If architects have turned into photographers to capture their own work and that of others – using the camera to replace or complete their traditional sketchbooks –, photographers have become true architects while interpreting with their own eyes the ideas underlying built forms, turning the lens into another tool of this old trade. In the same way, architectural publications have used photographic images – as in the past treatises used engravings – to give muscle and countenance to the bare skeleton of texts, giving visual persuasion to the silent music of words, and in the process being inevitably sequestered by the seduction of sight. From the small Minox 35GT with which this editor took the cover photograph of the first issue of Arquitectura Viva, twenty-five years ago, to the vast technical means of professionals today there is an abyss that draws us insensitively towards spectacle.
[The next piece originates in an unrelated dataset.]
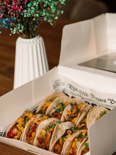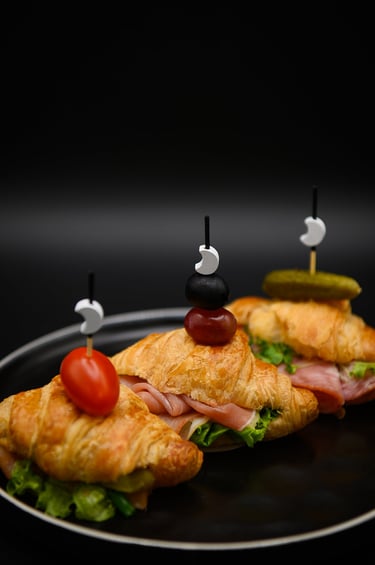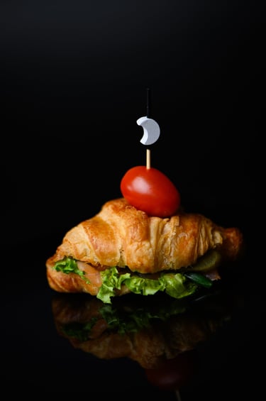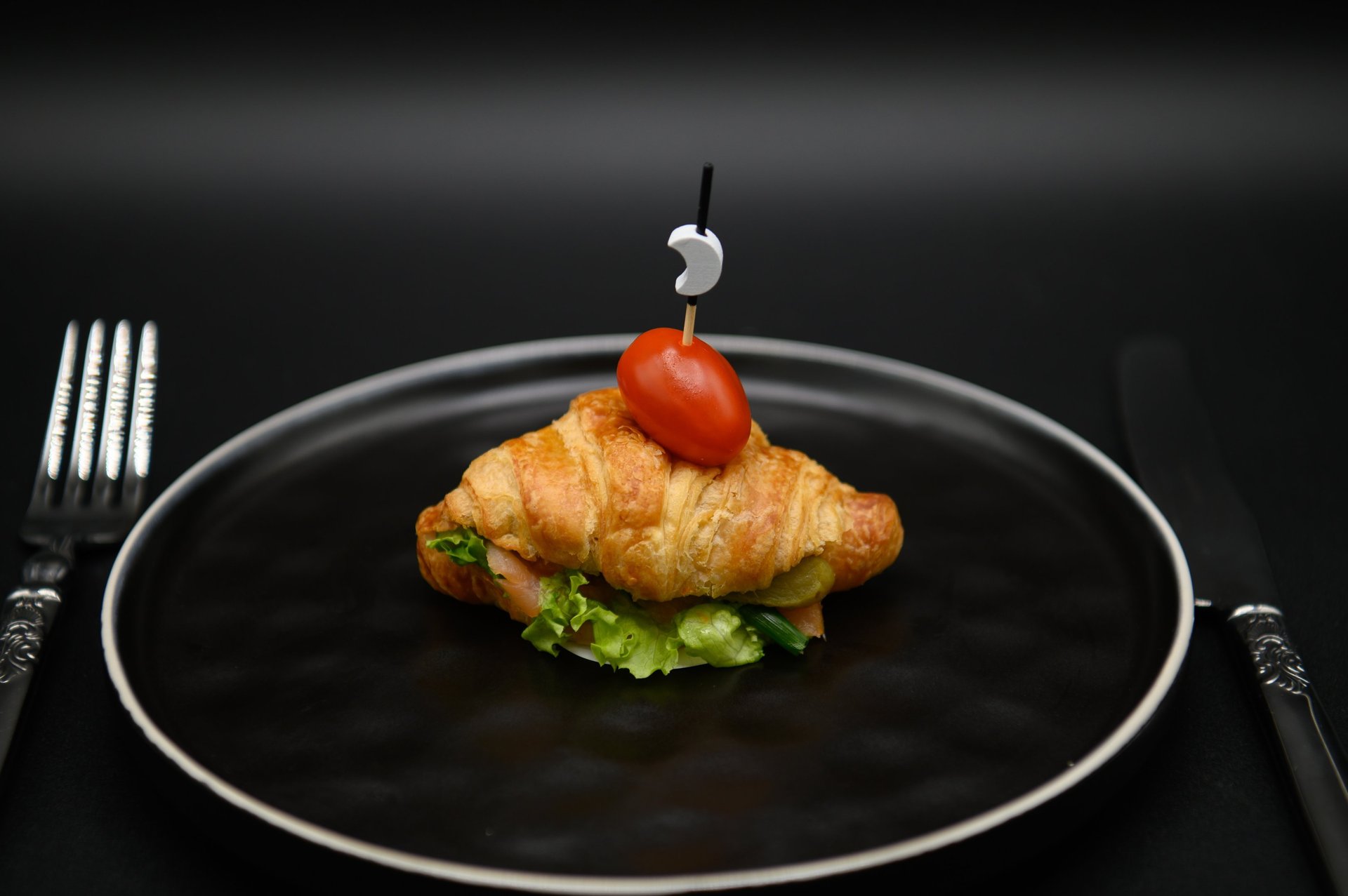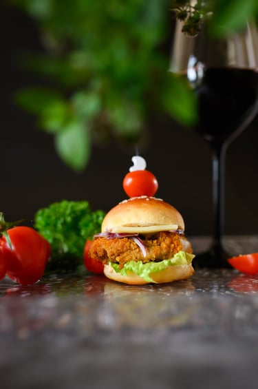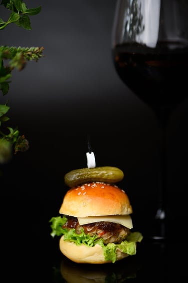 Mini mėsainis su kiaulienos ir daržovių paplotėliu, naminiais karamelizuotais svogūnais ir sūriu

After all, photographers today are the most influential architecture critics, both for the works they choose to document and for the way in which they depict them, so it is their agenda and their gaze that establish the guidelines of the global architectural conversation. Transforming critical discourse today probably demands approaching images in a different way, resisting the paramount dominance of the eye and redirecting visual thinking, which, besides being a useful instrument to understand the world, is almost inseparable from the training and instinct of architects, and perhaps also their best and most unique skill. In the end, it is difficult to resist the luring labyrinths of vision, so we shall keep on walking in the company of photographers, and continue yielding to the fascination of images. Paraphrasing Baudelaire, “hypocrite photographer, my likeness, my brother!”